“AI is data hungry.” – Kjiersten Fagnan, CIO of the Joint Genome Institute
As a U.S. Department of Energy Office of Science user facility supported by the Biological and Environmental Research (BER) program, the Joint Genome Institute (JGI) leads genomic innovation for advancing biotechnology through its high-throughput sequencing, DNA design and synthesis, metabolomics, and computational analysis services and expertise. Established in 1997, it has evolved through the years from human genome sequencing facility to user facility for genomic science. And it continues to evolve: today, it is reinventing itself as an AI-centric user facility.
Through its work with more than 2,500 users each year, the JGI generates a substantial volume of data and data types. There is an opportunity for the JGI to incorporate AI into the science it is supporting, benefiting these primary users as well as the many thousands of users who download millions of files each year.
There is also an opportunity to address the broader challenge faced by the tens of thousands of researchers across BER’s user facilities, research centers, funded programs and data and computing platforms, who face a data discoverability challenge.
Kjiersten Fagnan, CIO of the Joint Genome Institute, noted at a Biosciences strategy meeting in December 2024 that the BER and broader biological ecosystem has thousands of distinct, unique data resources – different data types, data libraries, metadata systems, and search systems. Accessing data across these systems is currently a hugely time-consuming process.
One comment from a BER user survey summarized the challenge and the opportunity:
“I think a key barrier to entry is the large number of repositories, all with different abilities and requirements. It requires people to go to multiple sites to search for data. If there was a single repository for all aspects of data, from collection metadata to processing metadata to final product, it would be advantageous for research.”
In addition, artificial intelligence tools could leverage all the data that reside at BER-funded facilities, if the data across these facilities had a common data repository infrastructure.
The solution emerged from an idea that the DOE Systems Biology Knowledgebase (KBase) team was developing. The KBase team, with Gazi Mahmud as the KBase Architect Lead, is building a “data lakehouse” — a data management architecture that combines the best features of data repositories that store raw data and data warehouses — with a common library infrastructure that would facilitate data access across the various resources.

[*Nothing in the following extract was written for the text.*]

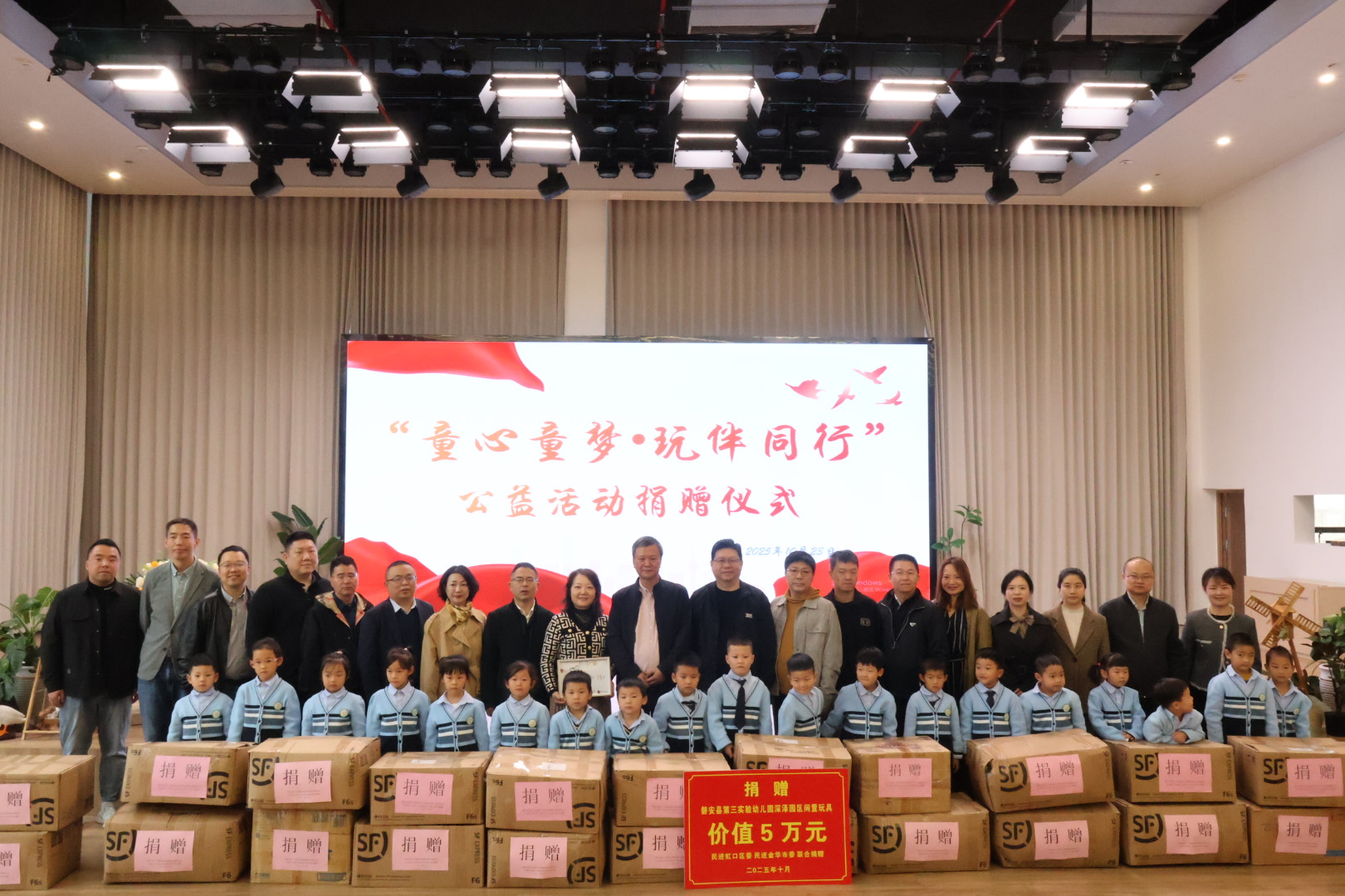 23日上午,“童心童梦·玩伴同行”公益玩具捐赠仪式在磐安县第三实验幼儿园温馨举行。民进虹口区委联合民进金华市委会向该园捐赠了1000余件玩具。仪式由徐松青主持,磐安县委统战部、县教育局相关负责同志到场见证。两地民进领导分别致辞,表达了对磐安幼教事业的深切关注。幼儿园负责人代表全体师生致谢,孩子们也以亲手绘制的图画回应这份温暖。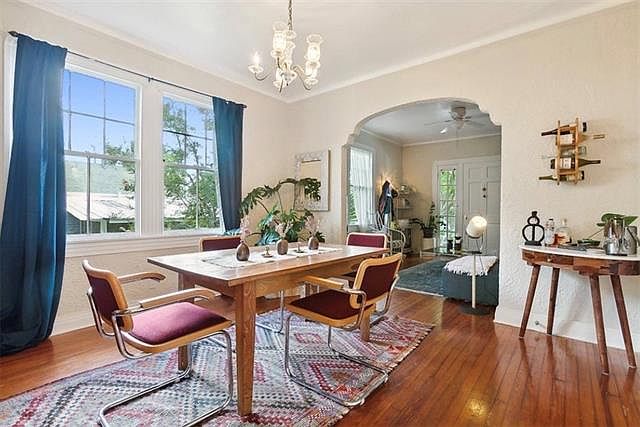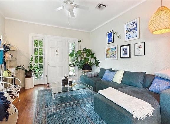 Shared rear courtyardCovered front porchOn site laundrySeparate dining roomTons of natural lightHardwood floorsHigh ceilings

Kjiersten’s team saw the potential presented by this idea. As a user facility that was already generating and collating a lot of BER data, the opportunity for JGI was to create a data lakehouse for experimental and derived data, serving researchers as well as AI assistants, not just for JGI but for the larger BER ecosystem.
Getting to AI-Ready Data
It was a challenge that Kjiersten’s team at JGI eagerly took on in October, 2024, starting with a pilot project to make data AI-ready across ESS-DIVE (a data repository for earth system science), the JGI, the National Microbiome Data Collaborative (NMDC), and the Environmental Molecular Science Laboratory (EMSL), a user facility at Pacific Northwest National Lab. The team went through the time-consuming work of organizing the data, which was critical to facilitate accelerated research with AI tools. By December 2024, Kjiersten’s team had leveraged the work by KBase to pilot a common library infrastructure, dubbed the “BER Data Lakehouse.” By June, the team had created a common search entry point for researchers and expanded this to AI assistants via the Model Context Protocol in August.
As a next step, an agentic AI interface layer dubbed BERIL is being developed to facilitate an AI-assisted reference desk, led by KBase’s Paramvir Dehal, as well as AI-assisted research analysis. In FY26 and FY27, the JGI will also expand to additional data types funded in the recent BER AI call (such as beamline images and the Anaerobic Molecular Phenotyping Platform at EMSL).
Said Kjiersten, “This project will help accelerate research through AI agent workflows and powerful semantic searches with large language models. And it can help position JGI as a critical resource for biological data at the DOE network.”